Based on our findings, we recommend that new studies be conducted to investigate the specific reasons why some educators do not use smart technologies in the teaching process. This phenomenon emerged from the data gathered: some of the participating educators indicated that they were not using smart technologies for teaching purposes. However, in the next stage of this study, we hope, in the process, to engage with educators’ country-wide, in order to identify and demonstrate the use of STAI in higher education teaching processes. We anticipate that this procedure may serve to help educators become familiar with, and knowledgeable about, STAI and its use in their classrooms and help comprehend the theoretical implications and technological paradoxes of employing STAI both in higher education and for their professional and personal growth.

Furthermore, we envisage that all educators and institutional policymakers, particularly in developing countries, may understand the need to prioritise technological affordances and constraints in the choice and use of STAI in pedagogical plans. We also argue that, with proper planning, policy, training, and provision of smart technologies, the use of artificial intelligence in education will become a reality for both educators and students, STAI use in higher education in developing countries like Nigeria, Rwanda and Lesotho may become equal to, or commensurate with, current practice in higher education institutions in the global North.

13 Concluding remarks

According to the findings of our study, and the views of our respondents, the introduction of smart technologies into teaching and learning activities in higher education institutions in Nigeria, Lesotho and Rwanda, respectively, has both encouraged and advanced the use of AI in education in these countries, although to a limited extent, due to various obstacles.
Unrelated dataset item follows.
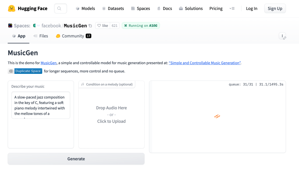 My experience with this tool was remarkable. As a jazz aficionado, I began my journey by feeding MusicGen a simple instruction: “An upbeat jazz composition in the key of C, featuring a soft piano melody intertwined with the mellow tones of a saxophone with bass”. To my delight, MusicGen composed a beautiful piece that was rich in tone, depth, and complexity. Listening to my very own jazz composition was an exhilarating experience.
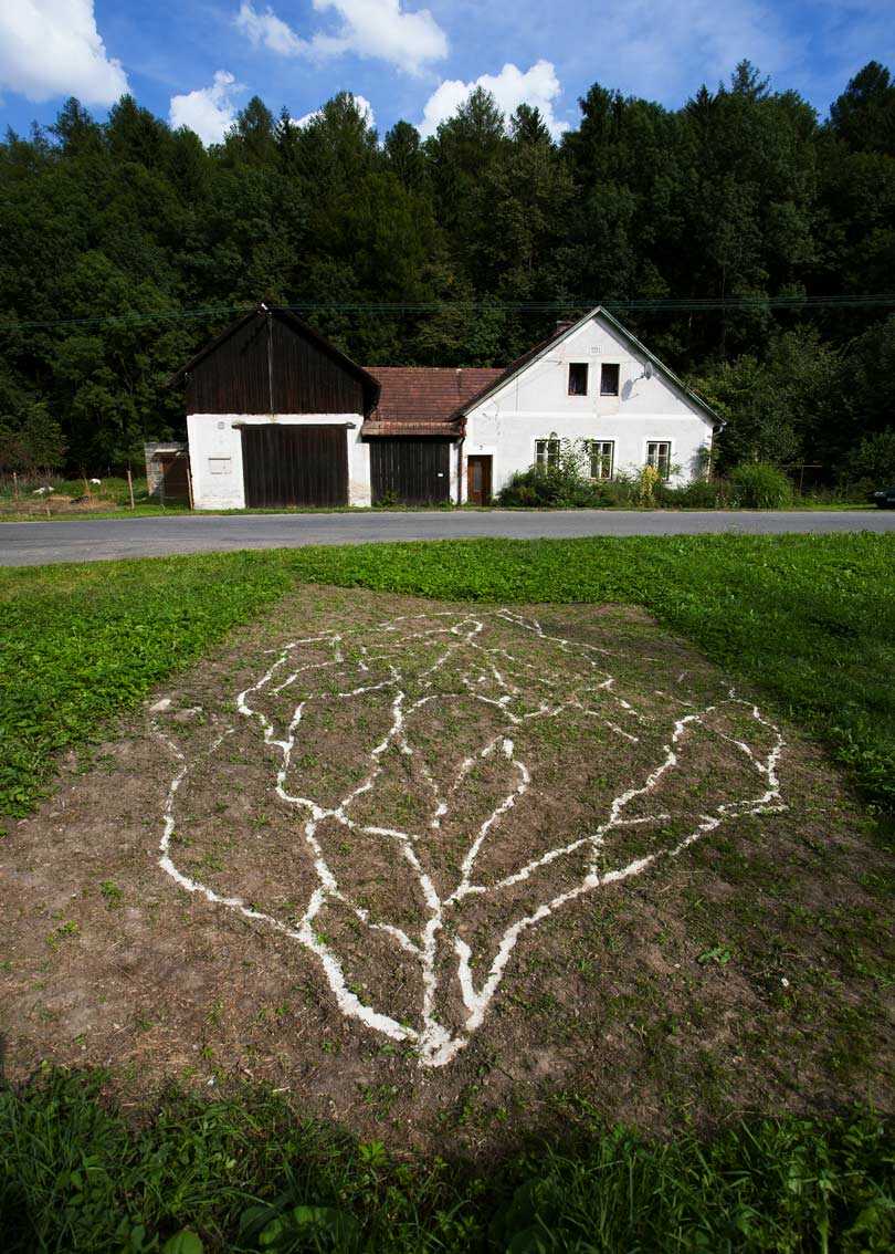 Riverdelta, Harry Schumacher was invited for a symposium in Trstenice in the Czech Republic. The village stretches along a small, partly dry river in an oblong valley. The East/West trade route through the village is visualized as the connection in two directions between two points. The work consists of two V-shaped riverdelta's, which only touch in one place. In a riverdelta water searches its way from high to low. The liquid in the artwork flows against the current. The area is the center of water flowing in two opposite directions, to the North Sea and to the Black Sea. The map forms the Czech Republic, still struggling between East and West. I choose to make the work on location and made every day the trip through the village with a trolley to get into contact with the people as a part of the artwork.

Obstacles such as poor electricity, lack of provision of the kind of facilities that have the capacity and potential to enhance the use of STAI in classrooms and society at large, poor funding and poor training arrangement militate against the use of STAI in the three nations’ higher education institutions. It has also encouraged the sampled group of higher education educators from these countries to rethink the pedagogy they have been using in the process of their professional development. Additionally, Rajeb et al.‘s (2024) study on the effects of artificial intelligence (AI) on education and Bond’s (2020) study on student engagement through flipped learning have revealed that the usage of STAI in higher education has the potential to affect teaching methodologies. These (STAI) have the ability to influence the development of students’ cognitive skills, heighten their interest and motivation toward learning, and foster collaborative learning. What emerged from the data was participant having engaged with STAI in their teaching contexts, and being aware of the importance of these technologies in teaching and learning. Although some participants in this study admitted to not using smart technologies for instructional practices, often due to the existence of the obstacles described above, the bigger picture emerging from the data indicates that some participants possessed varied levels of technological knowledge in the use of STAI to plan and assess their instructions. From the findings we argue that what is needed is to increase awareness of AI amongst all educators in higher education in the three countries to serve as encouragement to both faculty members and students to use STAI for learning purposes. In so doing, those obstacles needing critical attention in the use of STAI in higher education might begin to be addressed or even overcome.